**Assigned task**:
Leave out all pictures and retype exactly the lines from the one with "ケミカルフラワーレースタイトワンピース" through the last line of the material.

**Provided records**:
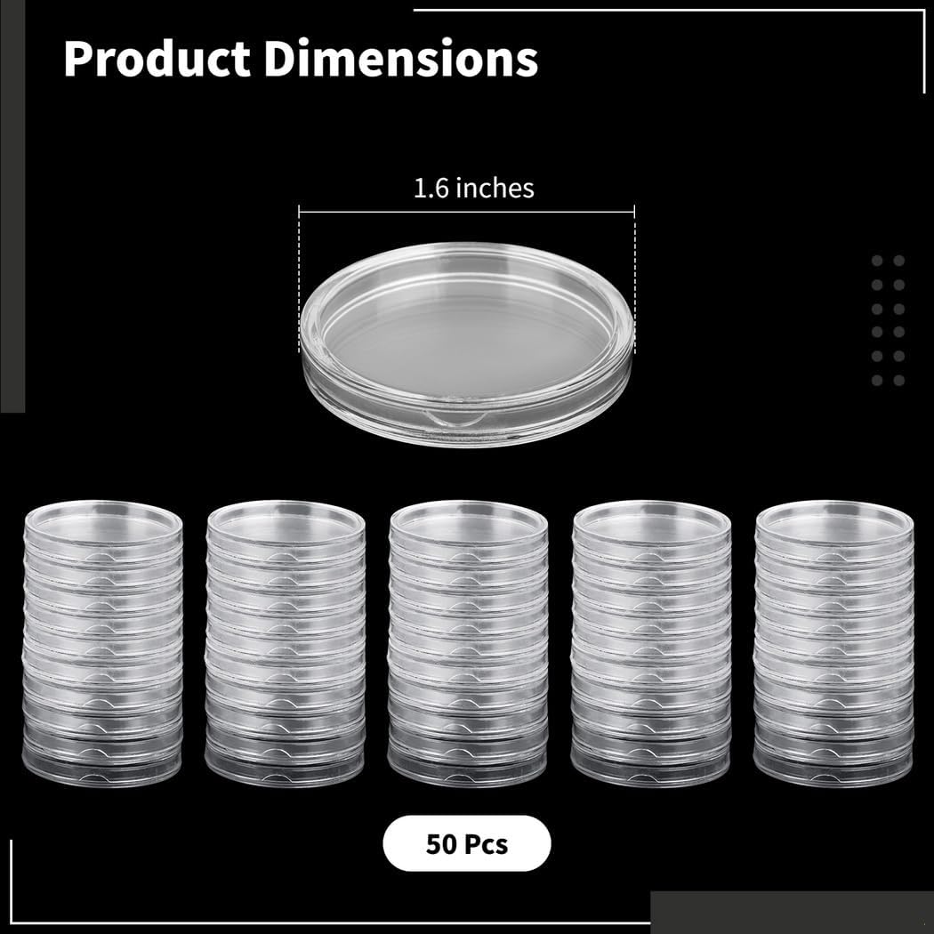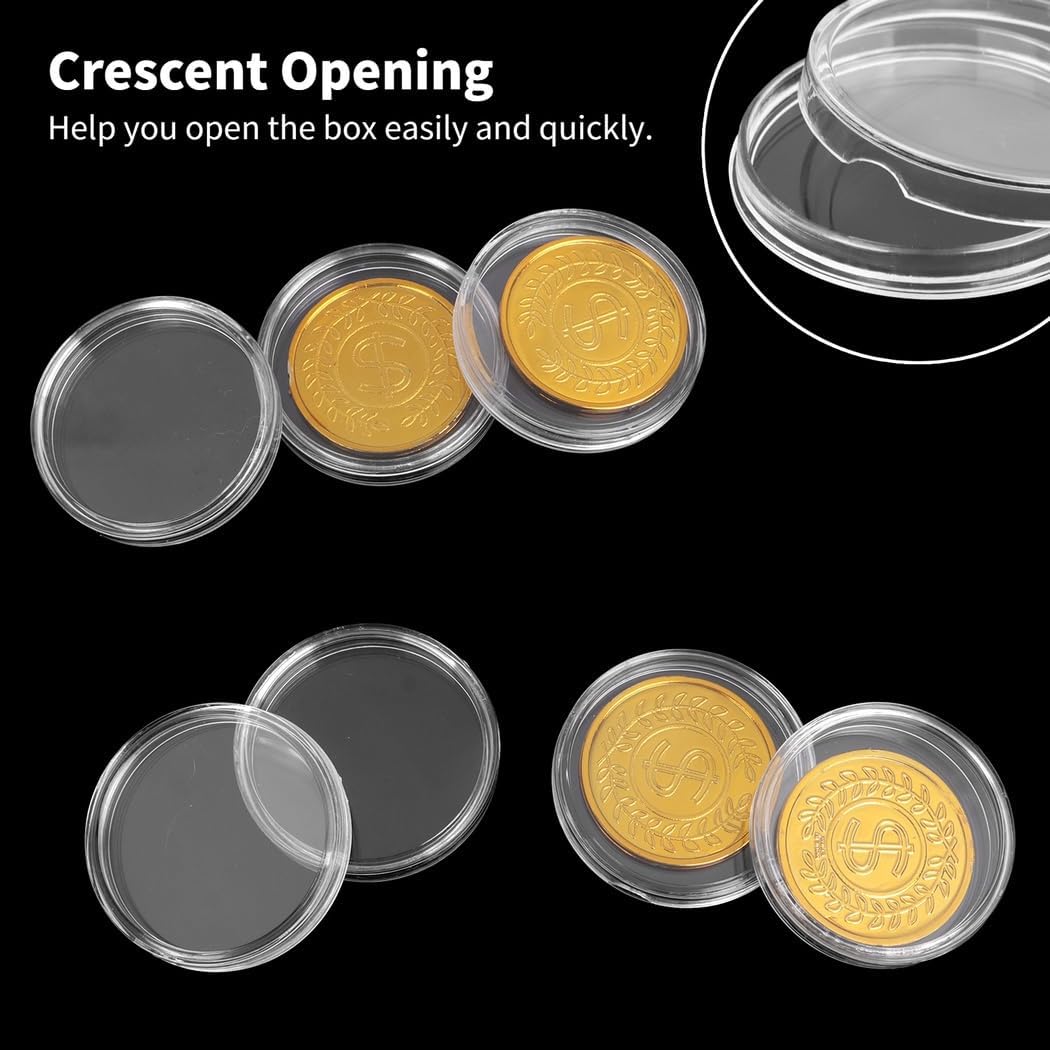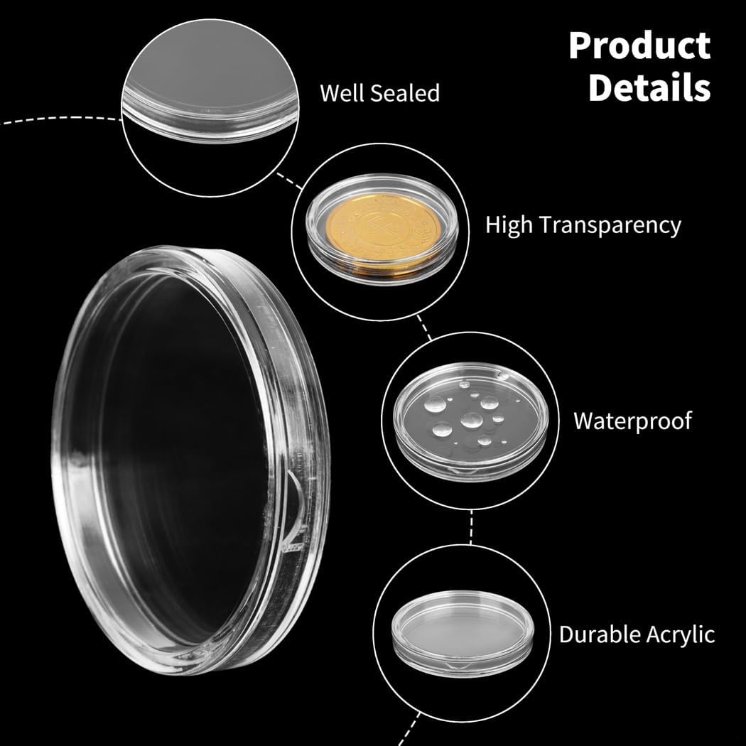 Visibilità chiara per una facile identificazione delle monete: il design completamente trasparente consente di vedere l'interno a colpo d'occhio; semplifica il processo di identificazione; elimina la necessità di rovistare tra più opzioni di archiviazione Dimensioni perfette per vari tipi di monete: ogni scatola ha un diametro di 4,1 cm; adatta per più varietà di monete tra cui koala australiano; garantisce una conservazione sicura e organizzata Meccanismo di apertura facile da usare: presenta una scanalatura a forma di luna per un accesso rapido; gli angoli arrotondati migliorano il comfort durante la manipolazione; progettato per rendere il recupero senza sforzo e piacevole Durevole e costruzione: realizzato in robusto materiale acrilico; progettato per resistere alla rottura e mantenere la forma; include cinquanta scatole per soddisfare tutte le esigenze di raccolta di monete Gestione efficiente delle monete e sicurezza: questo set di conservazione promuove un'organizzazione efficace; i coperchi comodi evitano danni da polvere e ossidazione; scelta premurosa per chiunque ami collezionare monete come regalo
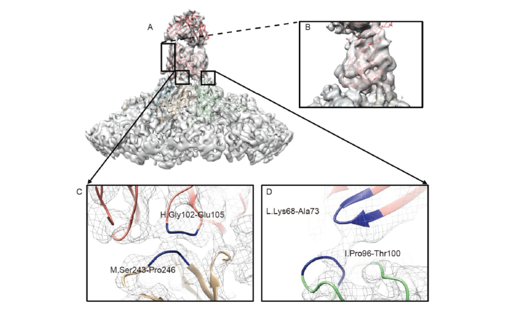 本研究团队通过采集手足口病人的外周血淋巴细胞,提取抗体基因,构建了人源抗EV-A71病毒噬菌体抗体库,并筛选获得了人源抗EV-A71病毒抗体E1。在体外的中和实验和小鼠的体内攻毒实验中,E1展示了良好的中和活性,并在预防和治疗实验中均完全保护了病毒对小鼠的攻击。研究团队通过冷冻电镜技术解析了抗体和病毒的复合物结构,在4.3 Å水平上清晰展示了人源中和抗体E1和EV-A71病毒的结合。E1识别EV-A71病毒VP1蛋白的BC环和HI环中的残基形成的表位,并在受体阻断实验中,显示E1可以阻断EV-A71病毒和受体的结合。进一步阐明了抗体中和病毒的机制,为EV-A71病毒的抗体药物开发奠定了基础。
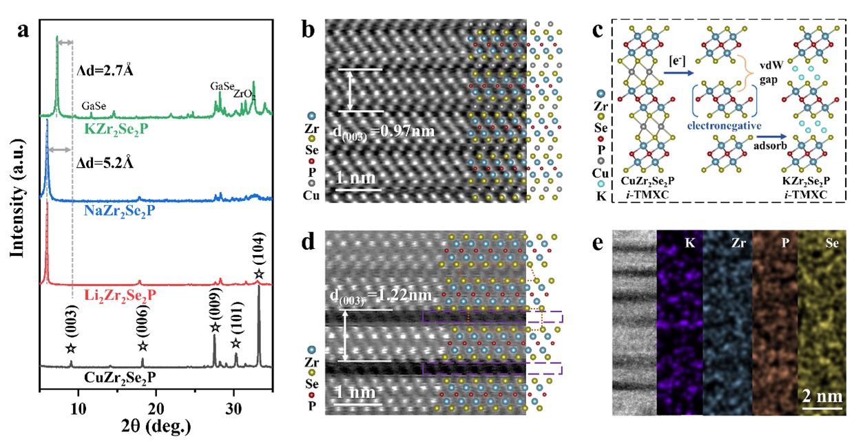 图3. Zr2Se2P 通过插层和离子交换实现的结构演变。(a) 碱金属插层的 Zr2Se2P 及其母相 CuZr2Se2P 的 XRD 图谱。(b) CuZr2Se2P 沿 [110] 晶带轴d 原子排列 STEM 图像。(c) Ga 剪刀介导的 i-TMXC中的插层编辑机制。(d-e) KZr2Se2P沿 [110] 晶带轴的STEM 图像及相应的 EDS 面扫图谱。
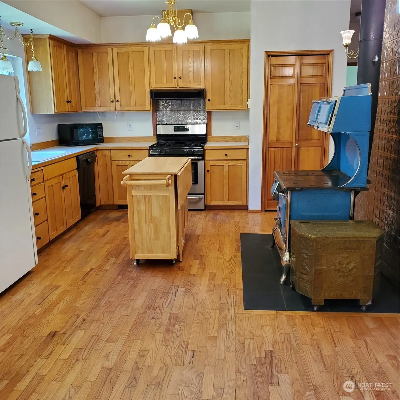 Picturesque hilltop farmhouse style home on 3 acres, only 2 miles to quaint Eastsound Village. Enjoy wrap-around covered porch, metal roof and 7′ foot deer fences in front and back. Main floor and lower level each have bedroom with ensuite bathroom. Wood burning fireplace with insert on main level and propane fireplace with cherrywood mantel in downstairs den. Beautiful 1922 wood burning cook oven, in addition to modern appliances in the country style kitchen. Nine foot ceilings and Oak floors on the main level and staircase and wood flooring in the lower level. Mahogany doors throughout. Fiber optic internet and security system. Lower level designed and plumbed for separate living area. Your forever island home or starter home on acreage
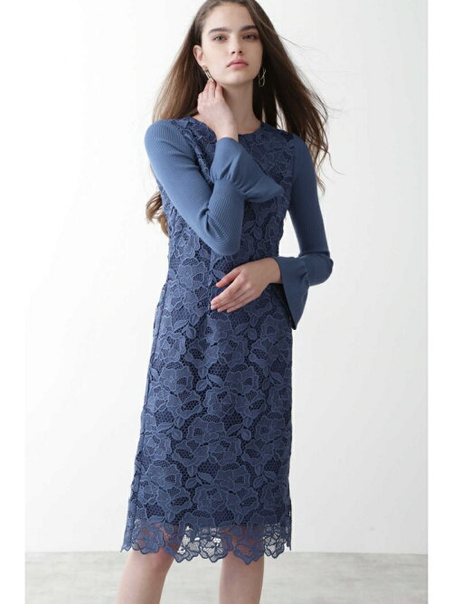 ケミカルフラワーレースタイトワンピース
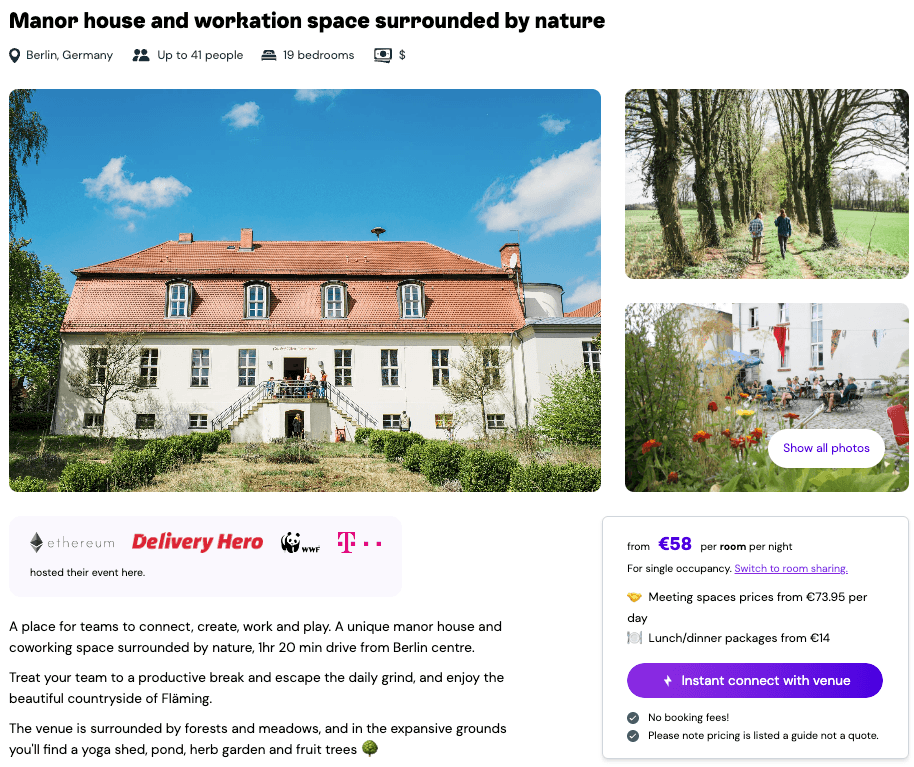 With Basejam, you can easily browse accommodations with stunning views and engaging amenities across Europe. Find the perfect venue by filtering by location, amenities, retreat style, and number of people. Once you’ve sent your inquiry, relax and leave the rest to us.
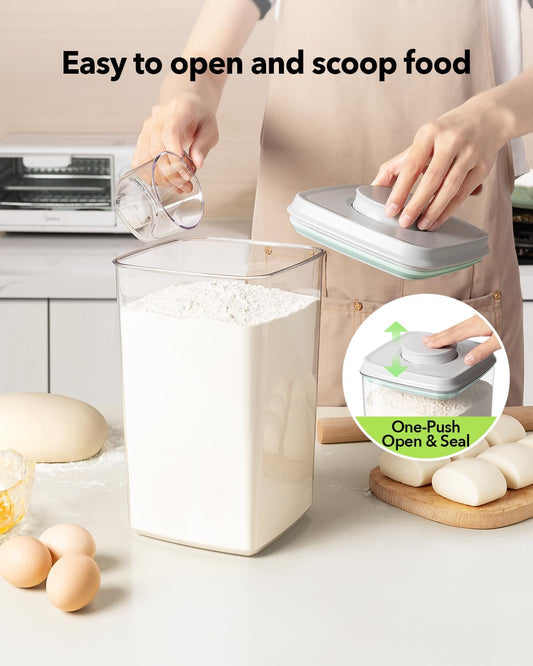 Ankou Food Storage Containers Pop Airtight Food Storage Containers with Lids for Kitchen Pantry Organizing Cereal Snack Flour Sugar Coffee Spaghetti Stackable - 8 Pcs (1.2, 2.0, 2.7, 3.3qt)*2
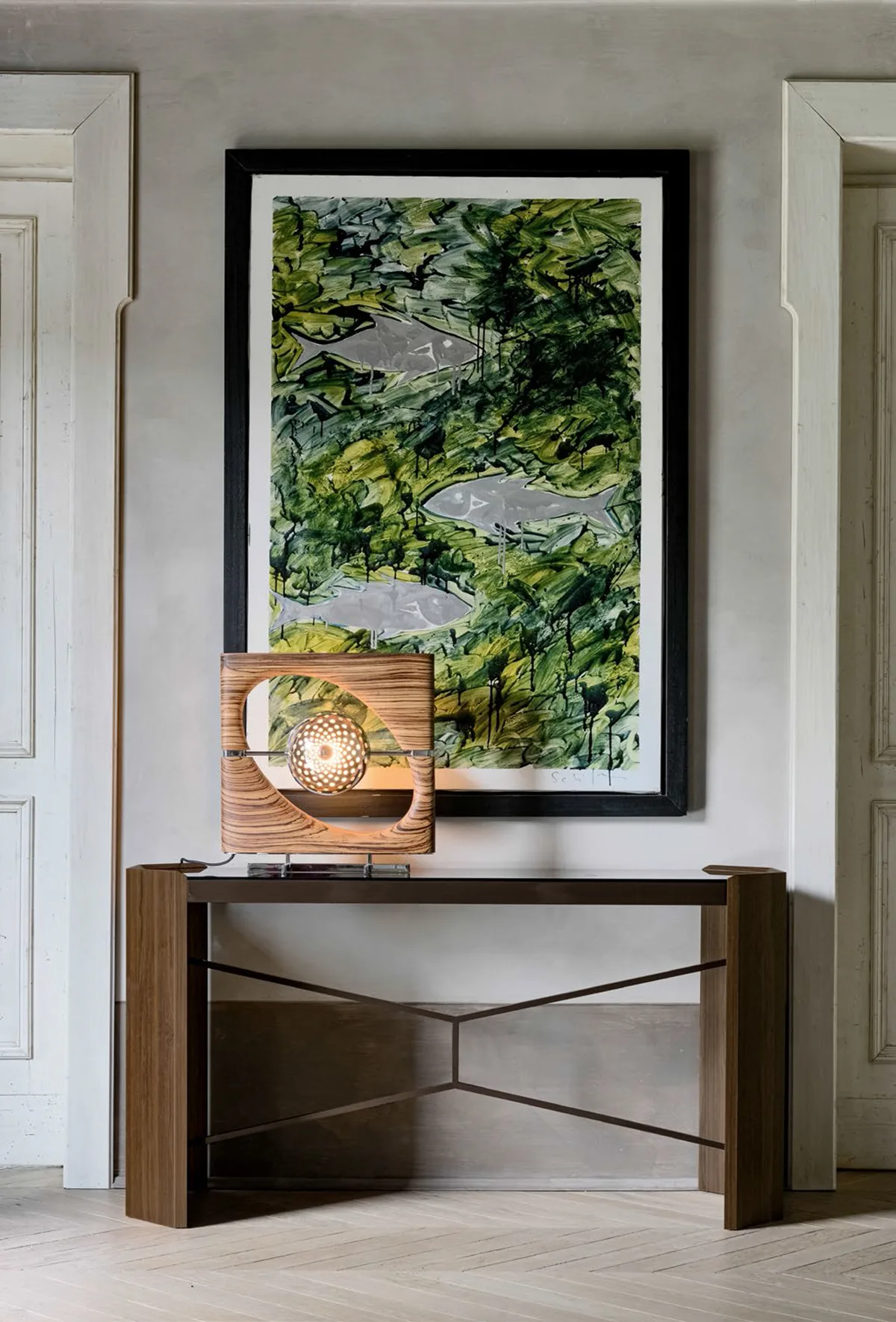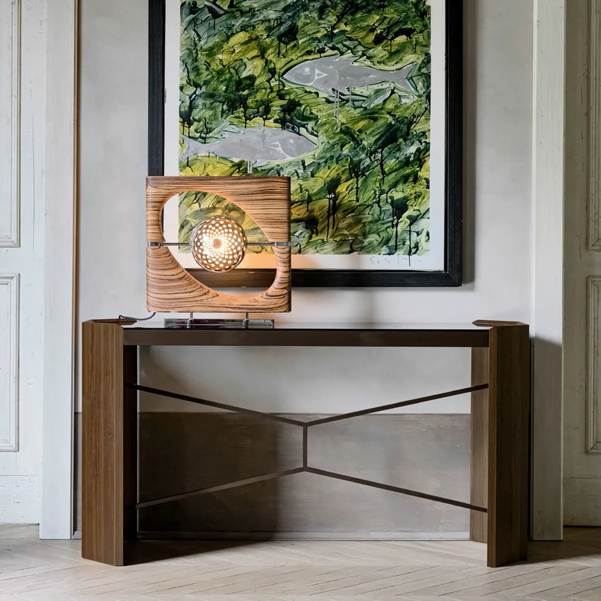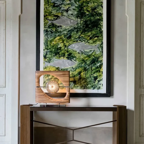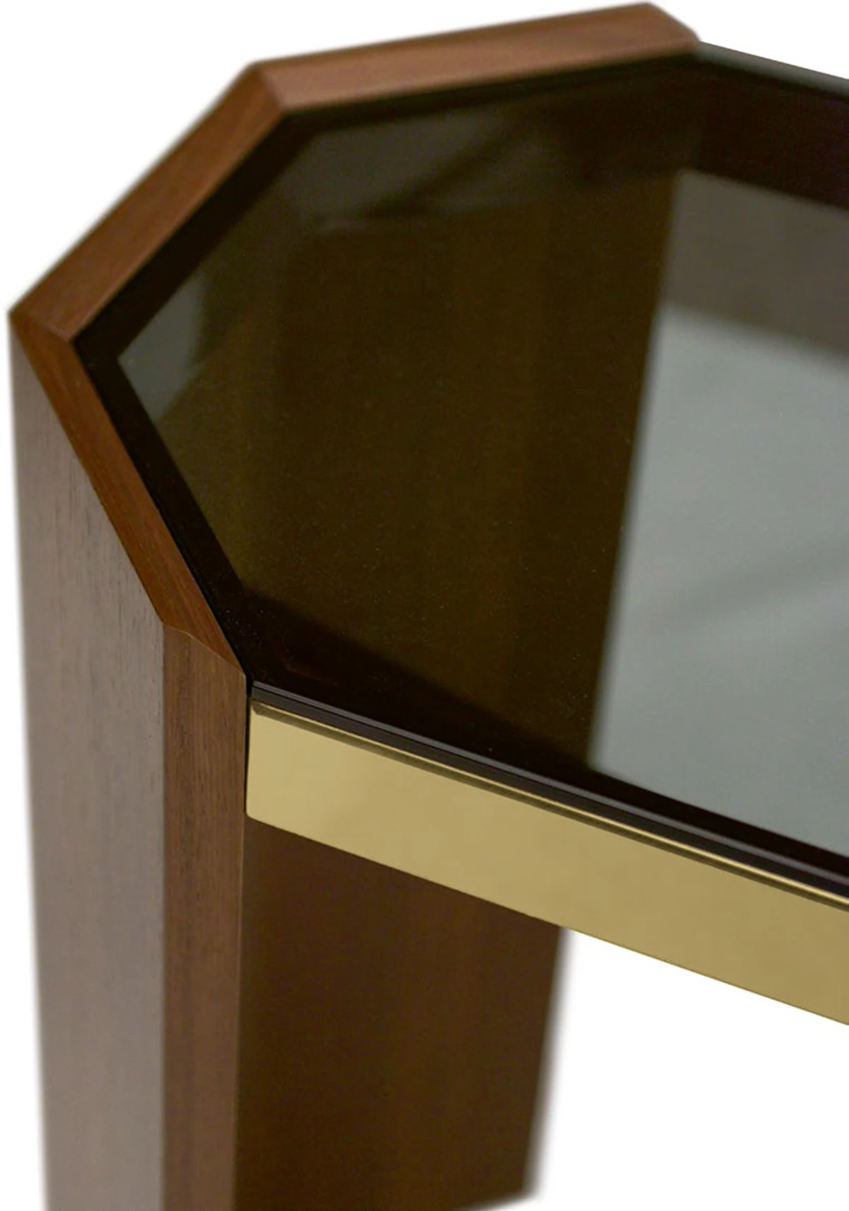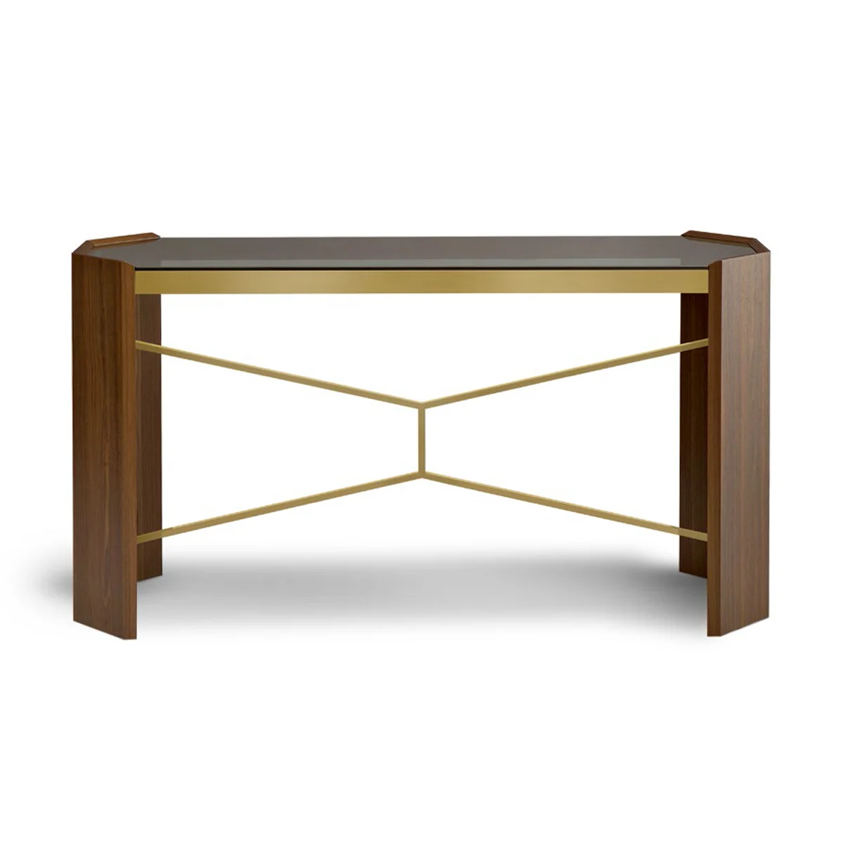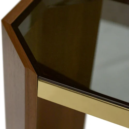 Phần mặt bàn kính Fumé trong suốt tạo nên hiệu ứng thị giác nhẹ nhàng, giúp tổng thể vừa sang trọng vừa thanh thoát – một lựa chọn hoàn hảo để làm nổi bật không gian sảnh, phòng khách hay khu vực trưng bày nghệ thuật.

**Response**:
 ケミカルフラワーレースタイトワンピース
 With Basejam, you can easily browse accommodations with stunning views and engaging amenities across Europe. Find the perfect venue by filtering by location, amenities, retreat style, and number of people. Once you’ve sent your inquiry, relax and leave the rest to us.
 Ankou Food Storage Containers Pop Airtight Food Storage Containers with Lids for Kitchen Pantry Organizing Cereal Snack Flour Sugar Coffee Spaghetti Stackable - 8 Pcs (1.2, 2.0, 2.7, 3.3qt)*2
 Phần mặt bàn kính Fumé trong suốt tạo nên hiệu ứng thị giác nhẹ nhàng, giúp tổng thể vừa sang trọng vừa thanh thoát – một lựa chọn hoàn hảo để làm nổi bật không gian sảnh, phòng khách hay khu vực trưng bày nghệ thuật.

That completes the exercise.